Aside from the magic being comparable the high elves are simply left in the dust. For one example black guard are two points cheaper than their high elf equivilant yet with the banner of hag graef hstike before white lions and swordmasters, have more attacks than whitelions and pheonix guard, and with the warrior elite rule and immune to psychology they just pip the edge. But once again they are 2Pts cheaper!
That is just one point, assasins and death hags with rune of khaine are elf killers, dark riders are better than ellyrion reavers, dark elf spears when factoring in the points are for superior to their lighter kindred. Even looking at the special charaters, malekith is solid, shadow blade can kill almost anyone, hellebron is a S10 nutter. For high elves Teclis has to get close to be dangerous, a risky ploy and tyrion is nowhere near as hard as he once was.
It really does seem all a high elf army really has over the other races is better access to dragons.


----------



## swntzu (Dec 25, 2007)

Ancient Tiel' a fier said:


> pheonix guard, and with the warrior elite rule and immune to psychology they just pip the edge. But once again they are 2Pts cheaper!
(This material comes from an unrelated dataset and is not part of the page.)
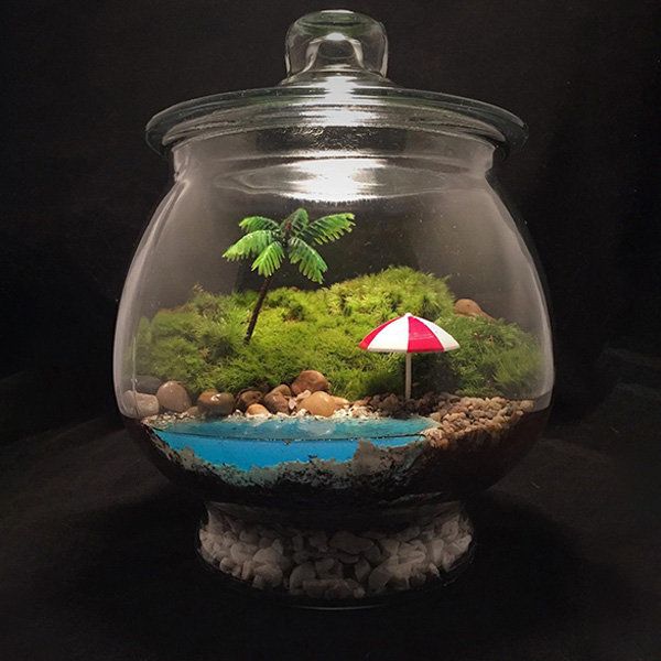 Una vez que dominan la compleja técnica de crear ecosistemas, muchos artistas se atreven a crear escenas y paisajes dentro de sus terrarios. Ellos buscan dar vida a escenas en las que todos querríamos entrar: playas tropicales, selvas con cascadas y praderas floridas. En ocasiones, incorporan la presencia humana y crean situaciones igual de seductoras: vacaciones con amigos, paseos en veleros y clases de yoga al borde del mar.

You're forgetting the 4+ ward.


----------



## Ancient Tiel' a fier (May 5, 2008)

The ward is not as good as the extra attack, in a black guard vs pheonix guard fight black guard should win by averages.


----------



## swntzu (Dec 25, 2007)

Ancient Tiel' a fier said:


> The ward is not as good as the extra attack, in a black guard vs pheonix guard fight black guard should win by averages.


Another problem is that phoenix guard still panic. One failed test can ruin your day.

Remember that black guard are only T3 and 5+ armour on the way in. They die very easily to most forms of shooting.


----------



## Ancient Tiel' a fier (May 5, 2008)

They do yes but a cheap 60pt unit of warriors in formation elf shield can protect your black guard and another unit next to it very nicely, also a good way to provent your witch elves running off after flyers and fast cavalry.


----------



## swntzu (Dec 25, 2007)

Ancient Tiel' a fier said:


> They do yes but a cheap 60pt unit of warriors in formation elf shield can protect your black guard and another unit next to it very nicely, also a good way to provent your witch elves running off after flyers and fast cavalry.


Hmm. This is true. High Elves lack that kind of cheap screening unit.

Shield of Saphery and howler wind seems to be the usual way to protect swordmasters but this requires quite a bit of investment in magic to work consistently.


----------